When Davies Hall opened in 1980, enabling full seasons for the city's separate symphonic, opera and ballet orchestras (as the three no longer needed to share the Opera House), SF Symphony Music Director Edo de Waart replaced Canin because “as any music director, he wanted to have ‘his own’ concertmaster,'' Canin recollected kindly.  

At that point, a new door opened for Canin in Hollywood when he took on the role of concertmaster at LA Opera from 2001 to 2010. The chair is now endowed in Canin’s name, and last week, the company appointed violinist Alyssa Park as the orchestra’s “Stuart Canin concertmaster.”

When Canin returned to the Bay Area, he taught at the SF Conservatory of Music, played solo engagements, and took the first chair in various area orchestras, including the Berkeley Symphony.

When Canin joined the founding members of the conductorless New Century Chamber Orchestra in 1992, he brought a “mature presence” to a group of very talented and very young musicians.

One of them, violist and composer Kurt Rohde, was in awe of Canin’s “youthful attitude” that ranged from the music director’s support for new composers (Canin had an important role in the realization of Rohde's Occulus and other works) to his insistence on standing during rehearsals when musicians four decades younger would prefer to make themselves comfortable.
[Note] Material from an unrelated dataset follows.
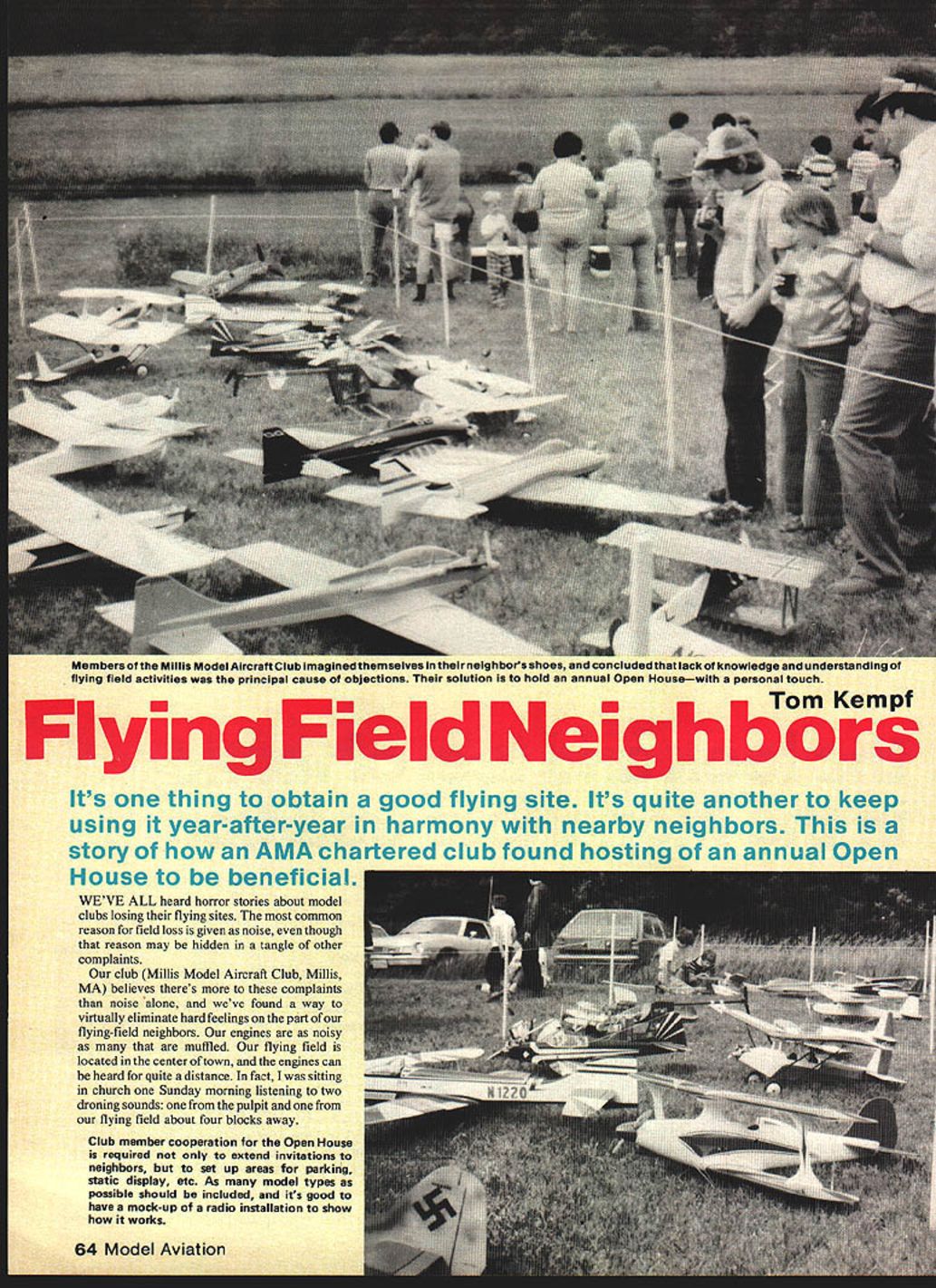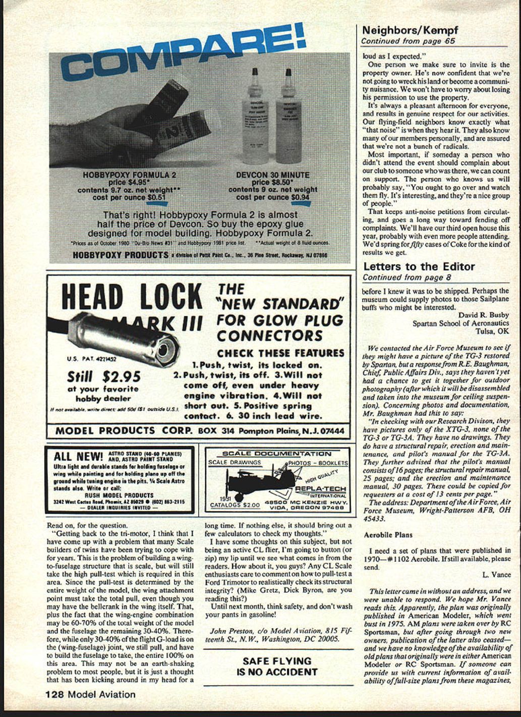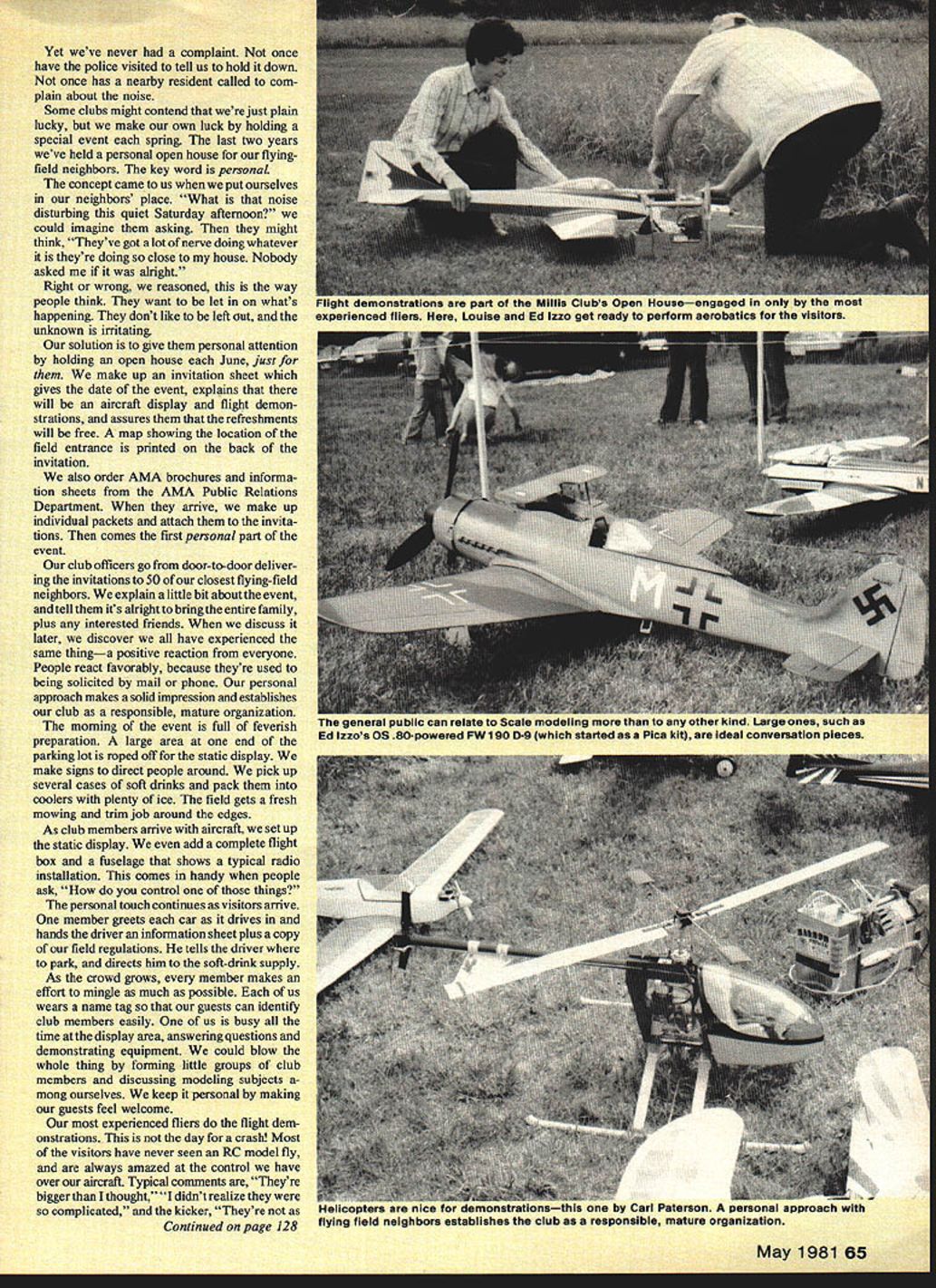 embers Millis Model AircraftClub lmaglneatnemseuves intheir nelghbor anuea enu unIIuuuuInrntUCKOf knowiougeano unguralail ying field activities principal cause objections solution hold annual Open Housewith personal touch om Kempf Flying Field Neighliors Its thing obtain good flying site Its quite another keep using year-after-year harmony nearby neighbors story AMA chartered club found hosting annual Open House beneficial WEVE ALL heard horror stories about model clubs losing flying sites common reason field loss given noise though reason may hidden tangle other complaints club Millis Model Aircraft Club Millis MA believes theres complaints noise alone weve found way virtually eliminate hard feelings part flying-field neighbors engines noisy muffled flying field located center town engines can heard quite distance fact sitting church Sunday morning listening two droning sounds pulpit flying field about four blocks away Club member cooperation Open Mouse required extend invitations neighbors set up areas parking static display etc As model types possible should included its good have mock-up radio installation show works Yet weve never complaint once have police visited tell us hold down once has nearby resident called com plain about noise Some clubs might contend just plain lucky make own luck holding special event spring last two years weve held personal open house flyingfield neighbors key word personal concept came us put ourselves neighbors place What noise disturbing quiet Saturday afternoon could imagine asking might think Theyve got lot nerve doing whatever theyre doing close house Nobody asked alright Right wrong reasoned way people think want let whats happening dont like left out unknown irritating solution give personal attention holding open house June just make up invitation sheet gives date event explains will aircraft display flight demon strations assures refreshments will free map showing location field entrance printed back invitation also order AMA brochures informa tion sheets AMA Public Relations Department arrive make up individual packets attach invita tions comes first personal part event club officers go door-to-door deliver ing invitations 50 closest flying-field neighbors explain little bit about event tell its alright bring entire family plus interested friends discuss later discover have experienced same thinga positive reaction everyone People react favorably because theyre used being solicited mail phone personal approach makes solid impression establishes club responsible mature organization morning event full feverish preparation large area end parking lot roped off static display make signs direct people around pick up several cases soft drinks pack coolers plenty ice field gets fresh mowing trim job around edges As club members arrive aircraft set up static display add complete flight box fuselage shows typical radio installation comes handy people ask control things personal touch continues visitors arrive member greets car drives hands driver information sheet plus copy field regulations tells driver park directs him soft-drink supply As crowd grows member makes effort mingle much possible us wears name tag guests can identify club members easily us busy time display area answering questions demonstrating equipment could blow whole thing forming little groups club members discussing modeling subjects mong ourselves keep personal making guests feel welcome experienced fliers flight dem onstrations day crash Most visitors have never seen RC model fly always amazed control have over aircraft Typical comments Theyre biggerthan Ithought Ididnt realize complicated kicker Theyre Continued page 128 aemo rations pan -U56OflgSgEonhi experienced sliers Louise ana Ea Izzo get reaay perform aerobatics visitors hicopters nice tor aemonstraone oy Carl Paterson personai approach flying field neighbors establishes ciub responsible mature organization May 1981 65 OCK THE L FOR GLOW PLUG CONNECTORS US PATCHECK THESE FEATURES 1 Push twist Its lacked u Still $2952 Push twist Its off 3WIII come ff veder heevy favritewgIu vibration 4WIII sot hobby dealer nor evathPe wntv r*ect d4 SOW SI outride U t stat S Pasotow spriag catct 3O inch lead wire MODEL PRODUCTS CORP BOX 314 PomptonPtainsNJ07444 ALL NEW 2~D 40-60 PLANESSCALE DOCUMENTATION PAINT STANDSCALE DRAWINGSPHOTOS BOOKLETS Ultra light durable stands holding fuselage RUSH MODEL PRODUCTSIINTERNATIONAL wing whil painting holding plane up off ginned tuning engine pits / Scale Astro stands also Write callJREPLATECH 1931 3242 West Cactus Road Pbmsix AZ 650290 662 H3-2115 CATALOGS $200 48600 MCKENZIE HWY DEALER INtIUINIES INVITED IVICA OREGON 87429 Read question Getting back tn-motor think have come up problem Scale builders twins have trying cope years problem building wingto-fuselage structure scale will still take high pull-test required area Since pull-test determined entire weight model wing attachment point must take total pull though may have bellcrank wing itself plus fact wing-engine combination may 60-70% total weight model fuselage remaining 30-40% fore 30-40% flight G-load wing-fuselage joint still pull have build fuselage take entire 100% area may earth-shaking problem people just thought has kicking around head long time nothing else should bring out few calculators check thoughts have some thoughts subject being active CL flier Im going button zip lip until see what comes readers about guys Any CL Scale enthusiasts care comment pull-test Ford Trimotor realistically check its structural integrity Mike Gretz Dick Byron reading Until next month think safety dont wash pants gasoline John Preston c/o Model Aviation 815 FW teenth St N W Washington DC 20005 SAFE FLYING IS NO ACCIDENT Neighbors/Kempf Continued page 65 loud expected person make sure invite property owner Hes now confident going wreck land become communi ty nuisance wont have worry about losing permission use property Its always pleasant afternoon everyon

New Century’s current music director, Daniel Hope, speaks of his predecessor as a “legend,” with admiration and affection.

Parker Monroe, who took on the role of NCCO’s Executive Director in 1996, recalls working with Canin during the ensemble’s early years:

“We planned subscription seasons together and did several tours in the United States. We travelled to New York together for the Grammy Awards ceremony when the New Century recording of Shostakovich’s music, titled Written With the Heart’s Blood, was a Grammy Award finalist.

“Of all the music directors I ever worked with and for, he was my favorite. He was authoritative, focused, and occasionally stern and dismissive of my sometimes bad ideas. But he also had a fabulous and ever-present sense of humor, finely honed from all those years as a kid on the radio in New York. 

“I remember once nervously introducing him at an after-concert function at the Osher Marin JCC, saying he played a Stradivarius from 1699, to which he immediately rejoined, ‘Marked down from $17.99!’ The audience loved it because it was funny all by itself and also played so effectively off the nervous young executive director’s earnestness.”

When Canin left New Century, board president Paula Gambs said that “Stuart's contribution to NCCO cannot be exaggerated. He will be leaving us with such a strong legacy that it will allow us to move forward into the next century with confidence and zeal.”